Research Article
A Deep Reinforcement Learning Based Resource Autonomic Provisioning Approach for Cloud Services
@INPROCEEDINGS{10.1007/978-3-030-67540-0_8, author={Qing Zong and Xiangwei Zheng and Yi Wei and Hongfeng Sun}, title={A Deep Reinforcement Learning Based Resource Autonomic Provisioning Approach for Cloud Services}, proceedings={Collaborative Computing: Networking, Applications and Worksharing. 16th EAI International Conference, CollaborateCom 2020, Shanghai, China, October 16--18, 2020, Proceedings, Part II}, proceedings_a={COLLABORATECOM PART 2}, year={2021}, month={1}, keywords={Cloud computing DRL Resource scheduling Autonomic computing}, doi={10.1007/978-3-030-67540-0_8} }
- Qing Zong
Xiangwei Zheng
Yi Wei
Hongfeng Sun
Year: 2021
A Deep Reinforcement Learning Based Resource Autonomic Provisioning Approach for Cloud Services
COLLABORATECOM PART 2
Springer
DOI: 10.1007/978-3-030-67540-0_8
Abstract
Resource elastic scheduling is a key feature of cloud services. The elastic makes cloud services have the ability to flexibly increase or decrease resources to satisfy user needs, and dynamically allocate resources for cloud services on demand. The amount of resources to be configured is determined at runtime based on the changes in workload to flexibly respond to the fluctuating demands of cloud services. Appropriate resources need to be configured in advance. In this article, we propose a dynamic resource provisioning framework based on the MAPE loop, and use a two-tier elastic resource configuration for collaborative work.
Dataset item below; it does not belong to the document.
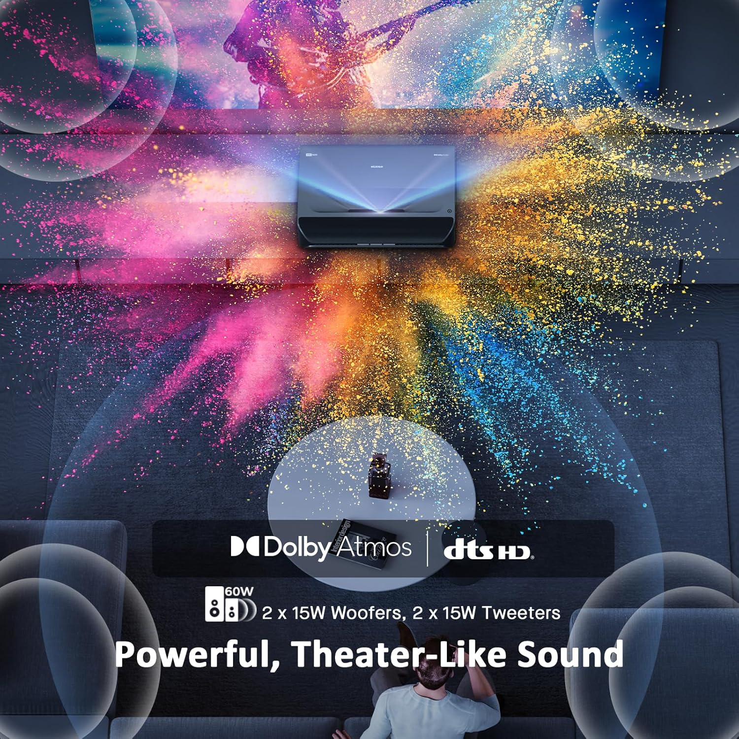 Notre vidéoprojecteur laser à très courte distance de haute puissance acoustique embarque quatre haut-parleurs pour une puissance totale de 60 watts, répartis en deux woofers de 15 watts dédiés aux fréquences graves et deux tweeters de 15 watts assurant la restitution des fréquences aiguës. Cette configuration stéréo full-range offre un rendu sonore équilibré et puissant, capable de couvrir une grande pièce avec une clarté acoustique et une présence remarquables. La compatibilité Dolby Atmos avec prise en charge de l’eARC permet de bénéficier d’un son spatial tridimensionnel lorsque la source le supporte, enveloppant l’auditeur dans un espace sonore cohérent avec l’image projetée. La prise en charge de la 3D active complète cette offre immersive en ajoutant une dimension visuelle supplémentaire pour les contenus compatibles.

In order to implement the proposed framework, we propose an elastic resource scheduling algorithm based on a combination of the autonomic computing and deep reinforcement learning (DRL) to reduce task rejection rate of the virtual machine (VM) and increase utilization to obtain as much profit as possible. In this paper, Experimental results using actual Google cluster tracking results show that the proposed policy reduces the total cost about 17%–58% and increases the profit by up to not less than 9%, reduces the service level agreement (SLA) violations to less than 0.4% to better guarantee the quality of service (QoS).